Amgen Tour of California 2011 Stages

Stage 1: Sunday, May 15 – South Lake Tahoe to North Lake Tahoe-Northstar at Tahoe Resort
Stage 2: Monday, May 16 – North Lake Tahoe-Squaw Valley USA to Sacramento
Stage 3: Tuesday, May 17 – Auburn to Modesto
Stage 4: Wednesday, May 18 – Livermore to San Jose
Stage 5: Thursday, May 19 – Seaside to Paso Robles
Stage 6: Friday, May 20 – Solvang Individual Time Trial
Stage 7: Saturday, May 21 – Claremont to Mt. Baldy
Stage 8: Sunday, May 22 – Santa Clarita to Thousand Oaks

50 communities across California submitted proposals to host a stage of the Tour of California. According to Andrew Messick of AEG, more cities applied this year than in any year past, in spite of the continuing economic recession. “We want to go to places where cycling is loved and we want to go to new places each year,” Messick said in a news conference this morning.

When asked why San Jose is a perennial pick, Messick responded that “the future of the race is predicated on how much people care about all kinds of bike riding. San Jose is very forward thinking and progressive in promoting all kinds of cycling. That’s important to us; we like that San Jose believes cycling is important.” AEG are looking at a stage finish in San Jose along Sierra Road or Metcalf Road after what Messick describes will be “a compelling & difficult mountain stage between Livermore and San Jose,” including the climb over “iconic Mount Hamilton.”

Central Valley communities lost out this year because of this year’s routing along the Central Coast as Stage 5 races down the beautiful Pacific Coast Highway from Seaside (near Monterey) to Paso Robles.

Messick calls Stage 7 from Claremont to the Mount Baldy ski area “The Queen Stage of the Race.” The miles of switchbacks and steep grades along Glendora Mountain Road and Glendora Ridge Road are a favorite for southern California road cyclists, and Messick says route planners are looking at those roads with a stage finish at the ski lift area beyond Mt Baldy village.

The 2011 Tour of California will have comparable mileage and elevation, but the race routes, which will be announced sometime in December or January, put climbs closer to the finish to make the climbs more decisive.

The only American race listed on the international professional cycling calendar with a 2. HC ranking, the Amgen Tour of California has drawn the attention of both cycling enthusiasts and first-time spectators, solidifying its position as one of the most anticipated cycling events of the year.

With the 2011 Amgen Tour of California once again taking place in May, the cyclists will have more time to train, and the competition promises to be even tougher.
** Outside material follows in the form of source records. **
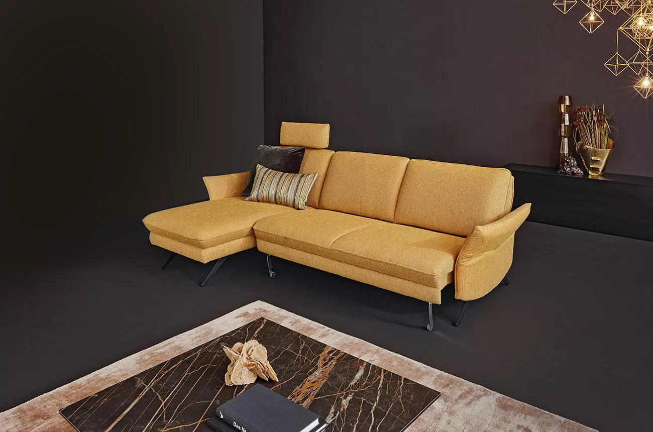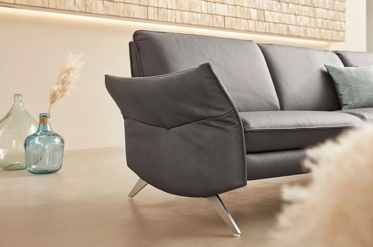 Sur la version manuelle, le dossier se laisse régler à l’aide d’un vérin à gaz en tirant tout simplement sur une dragonne. Vous réglez le repose-pieds par légère pression du corps. Sur la version électrique, le dossier et le repose-pieds se règlent séparément à l’aide d’une télécommande. Pour plus de confort, vous pouvez en option équiper les variantes électriques de vos canapés d’un réglage motorisé des têtières. Ces variantes sont dotées de poches latérales pour le rangement de la télécommande.
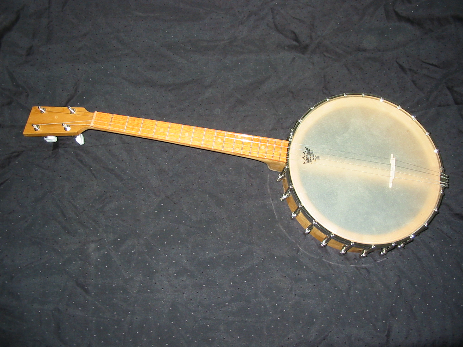 This was my first time making a tenor banjo, in 2014. It has an 11″ pot and 17 frets.
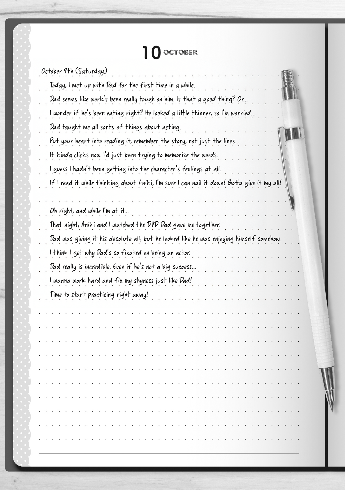 The past three days of drama club practice had relied heavily on scripts, but starting next week, they planned to rehearse with minimal dependence on them. This meant Akira needed to memorize a substantial portion over the Friday-to-Sunday weekend.
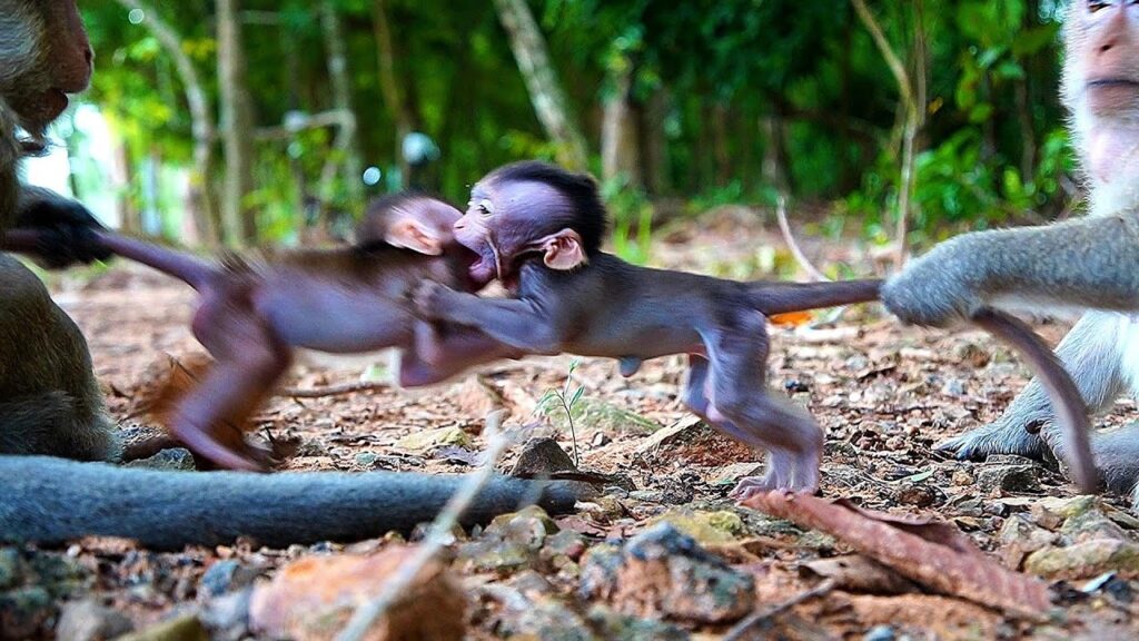 In the heart of the monkey troop, a hilarious scene unfolded between two of the youngest and most entertaining members—Baby Braxton and little Maxwell. Both full of energy and mischief, they turned an ordinary day into a show for everyone around.
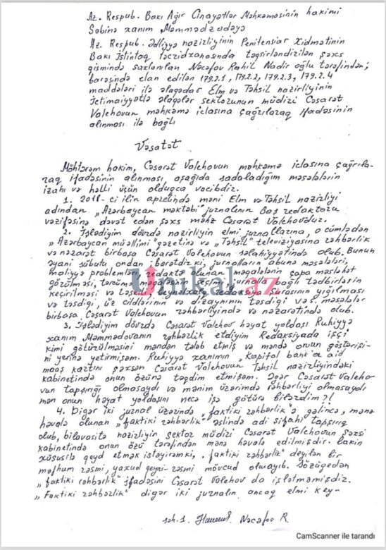 Elm və Təhsil Nazirliyinin mətbu orqanı olan “Azərbaycan məktəbi” jurnalının sabiq baş redaktoru Rahil Nəcəfov həbs olunmasına görə nazirliyin ictimaiyyətlə əlaqələr sektorunun müdiri işləmiş, hazırda mədəniyyət nazirinin müşaviri vəzifəsində çalışan Cəsarət Valehovu ittiham edir.
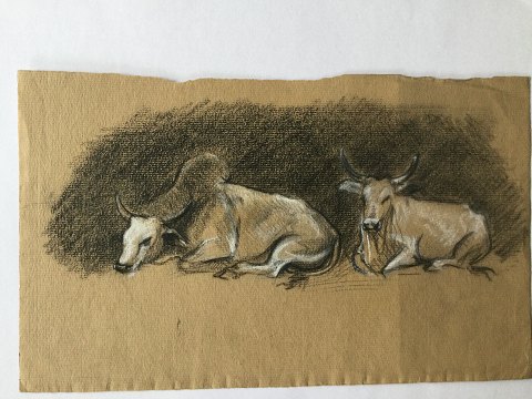 Torkil Norél (1922-2009): Liggende okser. Kul/hvidkridt pĺ papir. Sign.: usigneret Uden ramme 19x31 5924
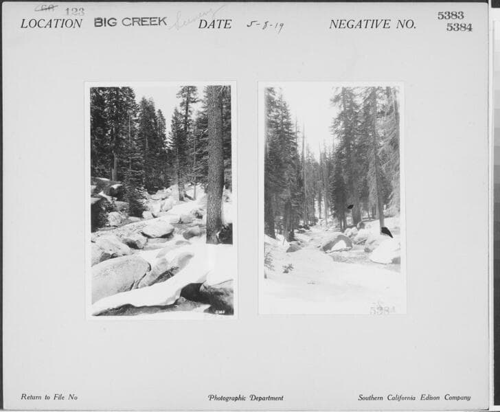 Big Creek Scenery - Reconnoissance of reservoir sites on middle fork San Joaquin River. Flowline North Fork [two added shots (5332 and 5333) on same Photocard]
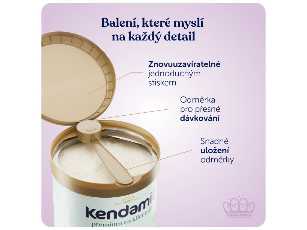 Důležité upozornění: Kojení je nejlepší způsob výživy Vašeho dítěte. KENDAMIL PREMIUM 3 HMO+ je určen pro výživu malých dětí od ukončeného 12. měsíce a měl by tvořit pouze součást smíšené a vyvážené stravy malého dítěte. Při krmení z lahvičky, zamezte nepotřebnému prodlužování kontaktu savičky se zoubky, zvyšujete tím riziko zubního kazu. Pečujte o hygienu ústní dutiny dítěte, především před spaním. Dodržujte pokyny pro přípravu, krmení a skladování, jinak ohrozíte zdraví dítěte. Není určeno pro děti do 12 měsíců.

In previous years, the race has drawn some of the world’s most renowned and respected riders, such as top Tour de France competitors, World Champions and Olympic medalists that include Lance Armstrong, Tom Boonen, Oscar Freire, Paolo Bettini, Fabian Cancellara, Carlos Sastre, Ivan Basso, George Hincapie, Mark Cavendish and Andy Schleck.

“I was in as good of shape the past three years [when I won the Amgen Tour of California] as I am now,” said Levi Leipheimer, race winner from 2007-2009, after the 2010 race. “The difference this year is that you see a couple of riders on the same level. The competition has definitely risen.”

“For our team, there’s only one race more important to us than the Amgen Tour of California, and that’s the Tour de France. This is a huge result for us. We can really walk away from the 2010 Amgen Tour of California with big smiles on our faces,” said Australian Michael Rogers of Team HTC-Columbia after winning the 2010 race.